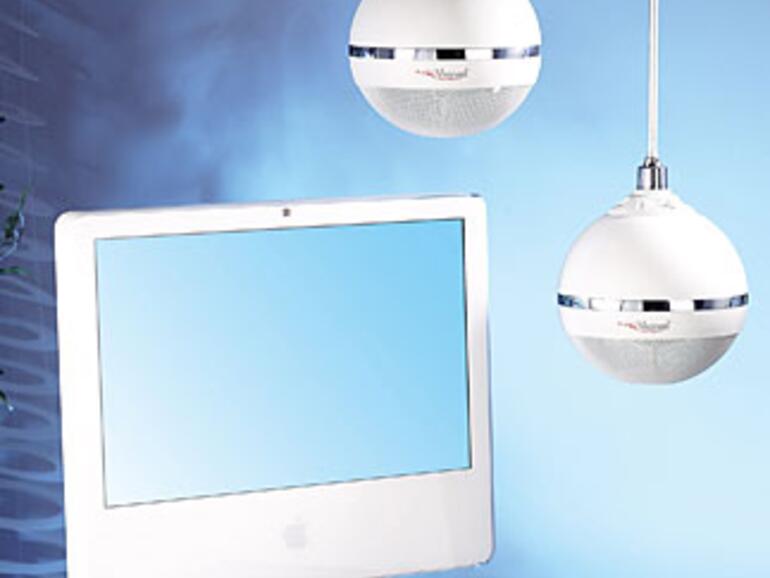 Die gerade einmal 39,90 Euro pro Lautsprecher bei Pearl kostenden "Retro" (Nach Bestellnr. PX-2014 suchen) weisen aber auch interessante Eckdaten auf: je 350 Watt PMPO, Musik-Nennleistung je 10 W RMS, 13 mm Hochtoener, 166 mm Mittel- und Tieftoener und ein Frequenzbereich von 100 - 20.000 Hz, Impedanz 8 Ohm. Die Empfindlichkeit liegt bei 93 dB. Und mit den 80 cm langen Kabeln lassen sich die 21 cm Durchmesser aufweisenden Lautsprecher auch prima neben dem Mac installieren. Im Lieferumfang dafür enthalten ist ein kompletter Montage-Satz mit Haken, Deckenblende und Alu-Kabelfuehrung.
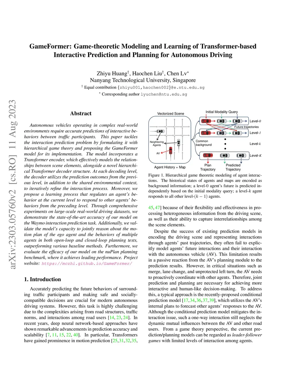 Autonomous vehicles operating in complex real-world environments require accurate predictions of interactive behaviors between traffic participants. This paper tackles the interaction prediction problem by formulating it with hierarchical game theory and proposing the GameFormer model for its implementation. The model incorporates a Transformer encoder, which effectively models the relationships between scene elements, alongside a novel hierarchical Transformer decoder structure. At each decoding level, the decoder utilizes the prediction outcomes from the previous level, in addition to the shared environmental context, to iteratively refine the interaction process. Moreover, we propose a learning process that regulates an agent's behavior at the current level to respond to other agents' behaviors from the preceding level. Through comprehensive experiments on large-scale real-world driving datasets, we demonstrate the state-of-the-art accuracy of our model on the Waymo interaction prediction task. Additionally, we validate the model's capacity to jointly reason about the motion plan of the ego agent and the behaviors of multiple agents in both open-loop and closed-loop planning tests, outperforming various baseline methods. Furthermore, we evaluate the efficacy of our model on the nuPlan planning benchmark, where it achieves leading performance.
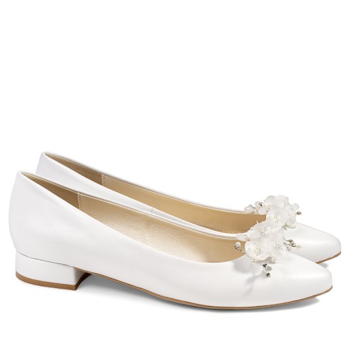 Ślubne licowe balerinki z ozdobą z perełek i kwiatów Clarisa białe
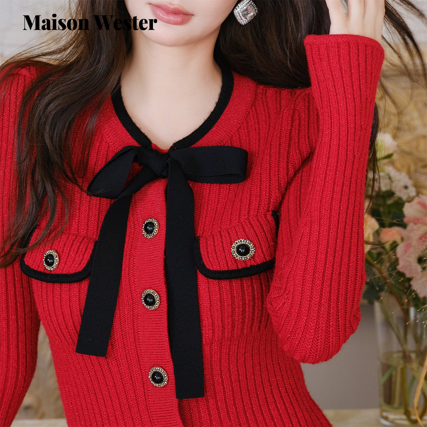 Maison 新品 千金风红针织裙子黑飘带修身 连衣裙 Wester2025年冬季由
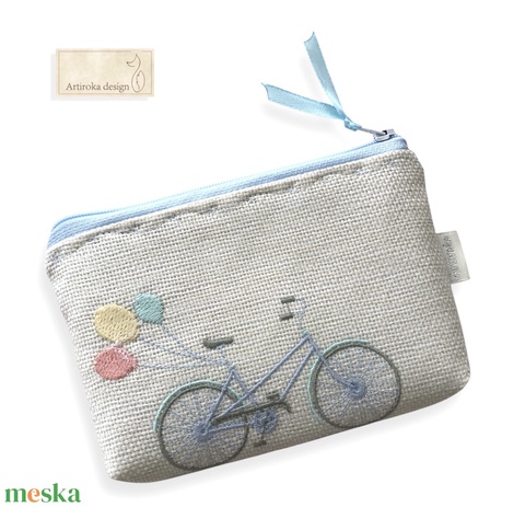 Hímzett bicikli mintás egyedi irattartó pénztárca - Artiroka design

# WHAT THE EXERCISE ASKS
Your answer should be an exact copy of the entries above, with no images included.

# RESPONSE FOR THIS EXERCISE
 Die gerade einmal 39,90 Euro pro Lautsprecher bei Pearl kostenden "Retro" (Nach Bestellnr. PX-2014 suchen) weisen aber auch interessante Eckdaten auf: je 350 Watt PMPO, Musik-Nennleistung je 10 W RMS, 13 mm Hochtoener, 166 mm Mittel- und Tieftoener und ein Frequenzbereich von 100 - 20.000 Hz, Impedanz 8 Ohm. Die Empfindlichkeit liegt bei 93 dB. Und mit den 80 cm langen Kabeln lassen sich die 21 cm Durchmesser aufweisenden Lautsprecher auch prima neben dem Mac installieren. Im Lieferumfang dafür enthalten ist ein kompletter Montage-Satz mit Haken, Deckenblende und Alu-Kabelfuehrung.
 Autonomous vehicles operating in complex real-world environments require accurate predictions of interactive behaviors between traffic participants. This paper tackles the interaction prediction problem by formulating it with hierarchical game theory and proposing the GameFormer model for its implementation. The model incorporates a Transformer encoder, which effectively models the relationships between scene elements, alongside a novel hierarchical Transformer decoder structure. At each decoding level, the decoder utilizes the prediction outcomes from the previous level, in addition to the shared environmental context, to iteratively refine the interaction process. Moreover, we propose a learning process that regulates an agent's behavior at the current level to respond to other agents' behaviors from the preceding level. Through comprehensive experiments on large-scale real-world driving datasets, we demonstrate the state-of-the-art accuracy of our model on the Waymo interaction prediction task. Additionally, we validate the model's capacity to jointly reason about the motion plan of the ego agent and the behaviors of multiple agents in both open-loop and closed-loop planning tests, outperforming various baseline methods. Furthermore, we evaluate the efficacy of our model on the nuPlan planning benchmark, where it achieves leading performance.
 Ślubne licowe balerinki z ozdobą z perełek i kwiatów Clarisa białe
 Maison 新品 千金风红针织裙子黑飘带修身 连衣裙 Wester2025年冬季由
 Hímzett bicikli mintás egyedi irattartó pénztárca - Artiroka design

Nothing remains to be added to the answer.